Audio By Carbonatix
The Chief Executive Officer of Telecel Ghana, Patricia Obo-Nai, has called for a concerted and deliberate structural solution to close the gender gap in Africa’s digital economy.
She argued that Africa owes the next generation of girls concrete solutions to tackle structural barriers that limit their participation in science, technology, engineering, and mathematics (STEM) fields.
Madam Obo-Nai was speaking at ‘The Golden Hour’ dinner and dialogue session in Kigali, Rwanda, a precursor event of the Forward Africa Leaders Symposium themed Women, Power and the Next Generation Digital Africa.
She said that cultural expectations, a lack of visible role models, and weak institutional support systems continue to restrict girls’ access to STEM opportunities long before career choices are made.
Citing the UNDP workforce data that claims only 27 per cent of professionals in STEM across Africa are female, she described the gap as evidence of systemic exclusion rather than a lack of ability.
“When women are excluded, Africa loses talent, creativity, and insight.

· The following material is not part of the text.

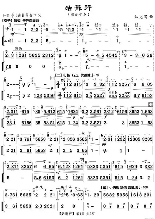 姑苏行(笛子曲)_简谱_搜谱网
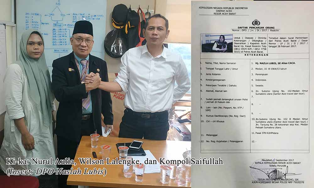 Dalam pertemuan itu juga terungkap bahwa Direktur PT. Azizi Tour & Travel, Naslah Lubis telah ditetapkan sebagai tersangka dan dinyatakan masuk dalam Daftar Pencarian Orang (DPO) oleh Polres Aceh Barat sejak 12 September 2017. Aneh bin ajaib, setelah berjalan lebih dari 6 tahun sebagai DPO, Naslah Lubis belum tertangkap.

We lose the diversity of ideas and perspectives that drive innovation, and we limit our collective ability to solve the complex problems facing our continent,” she said.
Madam Obo-Nai said Telecel Ghana has deliberately structured its digital skills programmes to address gender imbalance, particularly through its Foundation-led STEM initiatives targeting upper primary and junior high students.
According to her, the telecom operator has designed training programmes in coding, robotics, the Internet of Things, and mobile application development, with 70 per cent of participants female.
She also referenced the Telecel Female Engineering Student Scholarship Programme, which she said has supported more than 100 women since 2011 through tuition assistance, mentorship and work placements, with the aim of strengthening the pipeline of female talent in engineering and related fields.
Beyond programmes, Madam Obo-Nai emphasised the need for broader institutional change, arguing that inclusion efforts must extend beyond training initiatives to encompass policy, hiring, and leadership systems that actively create opportunities for women.
She said the digital systems currently being built across Africa, from fintech to artificial intelligence and data governance, will ultimately be inherited by girls who are currently in basic and secondary schools.
Ing. Obo-Nai called on leaders in the room to identify specific actions they had taken to support girls who are not yet in leadership spaces, the mentorship gaps that still exist in their organisations, and the commitments they were willing to make to expand access for young women.
The Golden Hour, hosted as part of the Forward Africa Leaders Symposium pre-dialogue series, is an intimate dinner-and-conversation platform that brings together senior leaders, policymakers, and industry executives to reflect on Africa’s development priorities through focused thematic discussions.
Designed as a curated space for candid exchange, the session encourages leaders to interrogate the systems shaping the continent’s future.